I think I misunderstood the severity of the situation. I did calculations with Gaussian, Q-Chem, Psi4, GAMESS, and DALTON, and only Gaussian rotates the gradient back into the input orientation. All the others print the gradient for the rotated coordinates.

From http://gaussian.com/force/,

The forces are determined in the standard orientation, but are restored to the original (Z-matrix) set of axes before printing (as noted in the output). This is followed by the corresponding derivatives with respect to the internal coordinates (lengths and angles used in the Z-matrix) when internal coordinates are in use.
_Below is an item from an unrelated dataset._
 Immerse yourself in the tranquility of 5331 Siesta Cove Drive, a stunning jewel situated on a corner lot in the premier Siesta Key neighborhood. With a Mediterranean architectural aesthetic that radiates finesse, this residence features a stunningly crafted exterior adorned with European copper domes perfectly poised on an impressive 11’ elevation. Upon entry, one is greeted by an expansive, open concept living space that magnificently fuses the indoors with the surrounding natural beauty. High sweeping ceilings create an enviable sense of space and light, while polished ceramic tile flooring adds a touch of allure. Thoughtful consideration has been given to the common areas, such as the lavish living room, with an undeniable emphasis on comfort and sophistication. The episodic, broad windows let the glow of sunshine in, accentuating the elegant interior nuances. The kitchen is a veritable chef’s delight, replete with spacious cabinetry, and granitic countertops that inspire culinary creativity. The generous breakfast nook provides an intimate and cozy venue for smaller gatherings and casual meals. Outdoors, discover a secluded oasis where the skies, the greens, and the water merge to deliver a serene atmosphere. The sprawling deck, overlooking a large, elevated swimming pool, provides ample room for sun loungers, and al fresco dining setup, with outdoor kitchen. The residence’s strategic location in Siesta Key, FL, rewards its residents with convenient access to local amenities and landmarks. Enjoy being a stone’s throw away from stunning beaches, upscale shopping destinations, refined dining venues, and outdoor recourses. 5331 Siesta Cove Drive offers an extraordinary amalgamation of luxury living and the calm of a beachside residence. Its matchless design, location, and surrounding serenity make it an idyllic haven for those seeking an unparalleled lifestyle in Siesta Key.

The forces are followed in each case by their maximum and root-mean-square values.

So, this only appears with Gaussian, unless another program I haven’t tested does the same thing.
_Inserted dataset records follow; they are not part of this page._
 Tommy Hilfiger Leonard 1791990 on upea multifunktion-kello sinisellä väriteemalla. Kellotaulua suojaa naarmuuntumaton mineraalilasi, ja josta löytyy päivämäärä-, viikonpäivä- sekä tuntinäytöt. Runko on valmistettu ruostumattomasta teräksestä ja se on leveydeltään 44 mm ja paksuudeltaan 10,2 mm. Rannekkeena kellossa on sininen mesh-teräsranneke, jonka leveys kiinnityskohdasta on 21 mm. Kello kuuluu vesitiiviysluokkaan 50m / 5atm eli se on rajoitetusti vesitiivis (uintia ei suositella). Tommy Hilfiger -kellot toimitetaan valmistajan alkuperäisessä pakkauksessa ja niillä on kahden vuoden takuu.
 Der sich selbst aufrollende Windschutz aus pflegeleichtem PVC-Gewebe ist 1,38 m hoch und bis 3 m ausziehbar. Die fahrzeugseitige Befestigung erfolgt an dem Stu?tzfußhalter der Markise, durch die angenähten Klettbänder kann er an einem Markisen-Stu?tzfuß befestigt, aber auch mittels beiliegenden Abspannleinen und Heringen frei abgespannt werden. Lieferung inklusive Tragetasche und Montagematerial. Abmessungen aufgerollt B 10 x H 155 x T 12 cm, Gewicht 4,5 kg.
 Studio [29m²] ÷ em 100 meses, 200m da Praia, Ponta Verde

I think I agree that this is a bug and am fine with changing the default, and not having this behind a flag, though I am troubled by how the Gaussian output is different from general output.

0reactions

cks-coilcommented, Sep 16, 2020

Thanks for the comment. My option 1 should be as follow:

convert grads to the orientation of atomcoords

In the case “input orientaion” is used for the calculation (e.g. “standared orientaion” coordinate doesn’t exists on logfile), parsed atomcoords and grads are coordinates / values in input orientaion, and we should not convert grads to other orientaion. (If we turn off symmetry, “input orientaion” is used) In the case “standard orientaion” is used for the calculation, parsed atomcoords is coordinates in “standared orientaion”, and parsed grads is in “input orientation”. Therefore, we should convert grads to “standared orientaion”.

It would not be affect programs which parse symmetery turned off results, or use L2 norm of grads calculated with symmetry. And it only affects programs which used x,y,z values of grads calculated with symmetry. There would be three cases for affected programs.

A. Use own forked branch of cclib ( convert grads or keep “input orientaion” coordiates in parse data) B. Use extarnal program to obtain “input orientaion” coordinates. C. Use atomcoords and grads parsed by cclib (this program has a bug) ( I was case C, and currently I’m case A )

There would be no or only few programs/uses in case B, and more programs/users is/well be in case C, I think. And I think “1. convert grads to the orientation of atomcoords” should be default and add flags or warnings for case B programs/users would be better.

How dou you think?